§ Supplied material:
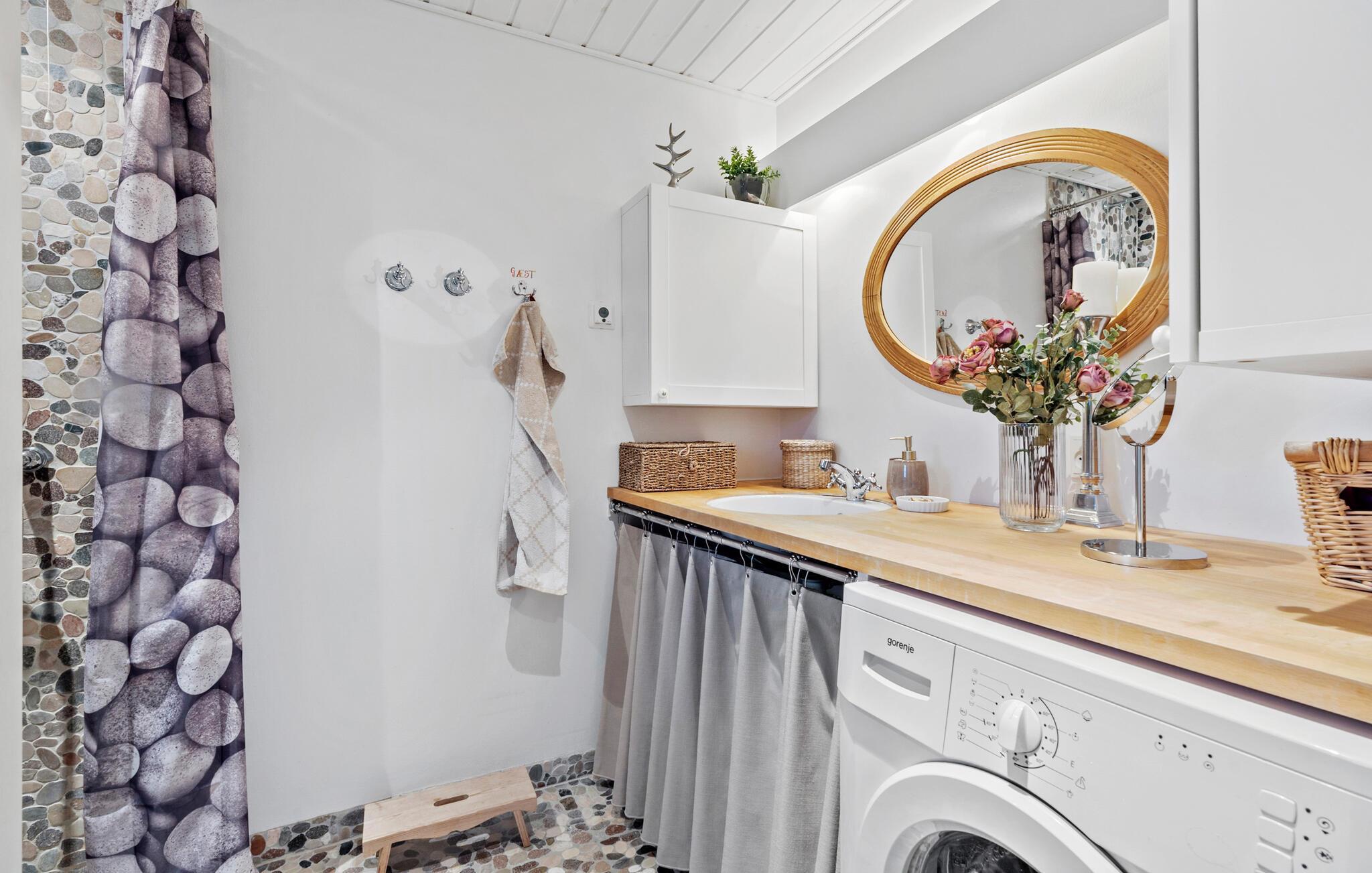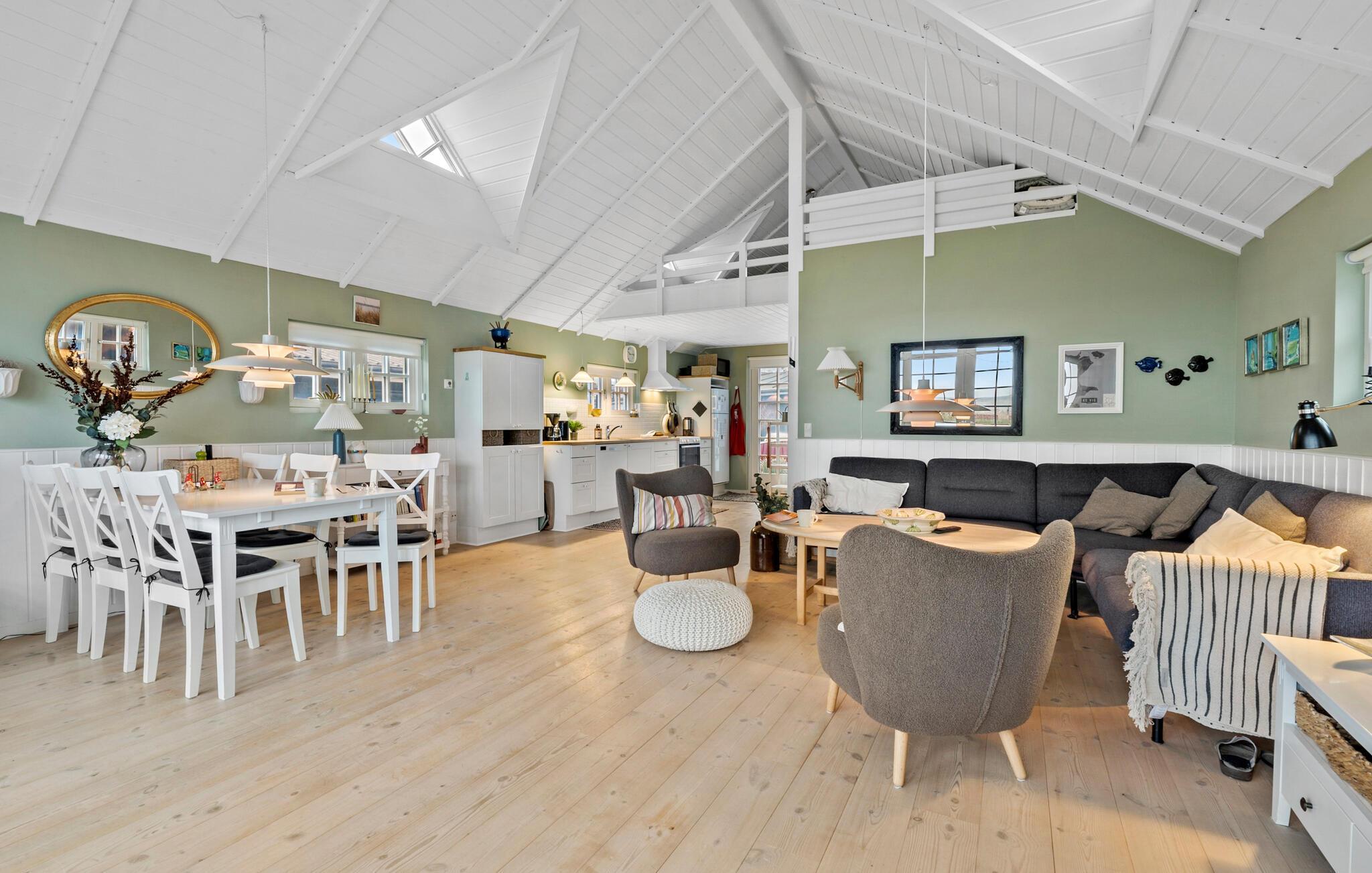 Velkommen til den indbydende atmosfære i det lyse interiør, hvor højt til loftet og smagfuld indretning skaber en ægte feel-good-stemning. Lav mad sammen i det moderne køkken, nyd hyggelige måltider i den hyggelige spiseplads og afslut aftenen med en film eller et spil brætspil i den stilfulde stue.
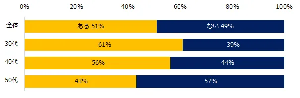 若手時代(20代)に転職の経験があるか伺うと、51%のミドルが「ある」、49%が「ない」と回答しました。年代が高くなるにつれて、20代での転職経験がないミドルが増える結果となりました。
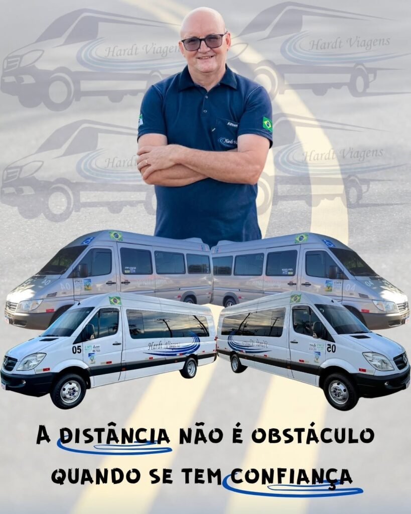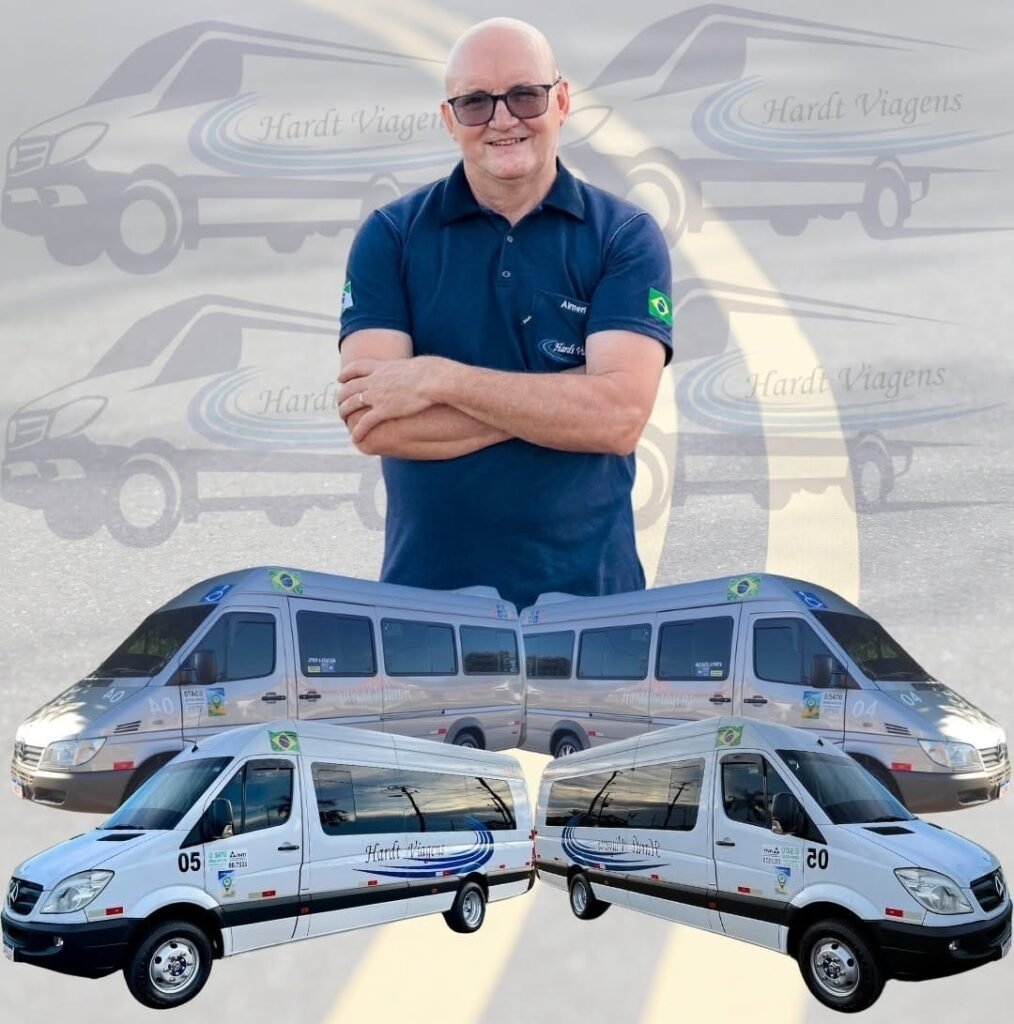 Dois anos depois, diante da crescente demanda, veio a compra do segundo veículo. Logo na sequência, a pandemia trouxe um dos períodos mais difíceis da história da empresa. “Tudo parou”, recorda Almeri. Mesmo com as dificuldades, a família decidiu seguir em frente. Com a retomada gradual das atividades, a Hardt Viagens foi se reestruturando, investindo na melhoria do atendimento e no conforto dos passageiros.
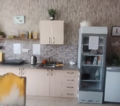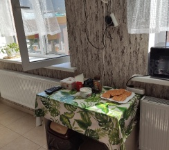 Отдельная кухня со всеми принадлежностями и с холодильником. Рядом есть много магазинчиков, такси без проблем приезжает. В шаговой доступности парк, кафе, рестораны, магазины. Местоположение очень удачное. Цена для такой гостиницы приемлемая.

§ What to do:
Repeat the listing above exactly, with no pictures.

§ Written answer:
 Velkommen til den indbydende atmosfære i det lyse interiør, hvor højt til loftet og smagfuld indretning skaber en ægte feel-good-stemning. Lav mad sammen i det moderne køkken, nyd hyggelige måltider i den hyggelige spiseplads og afslut aftenen med en film eller et spil brætspil i den stilfulde stue.
 若手時代(20代)に転職の経験があるか伺うと、51%のミドルが「ある」、49%が「ない」と回答しました。年代が高くなるにつれて、20代での転職経験がないミドルが増える結果となりました。
 Dois anos depois, diante da crescente demanda, veio a compra do segundo veículo. Logo na sequência, a pandemia trouxe um dos períodos mais difíceis da história da empresa. “Tudo parou”, recorda Almeri. Mesmo com as dificuldades, a família decidiu seguir em frente. Com a retomada gradual das atividades, a Hardt Viagens foi se reestruturando, investindo na melhoria do atendimento e no conforto dos passageiros.
 Отдельная кухня со всеми принадлежностями и с холодильником. Рядом есть много магазинчиков, такси без проблем приезжает. В шаговой доступности парк, кафе, рестораны, магазины. Местоположение очень удачное. Цена для такой гостиницы приемлемая.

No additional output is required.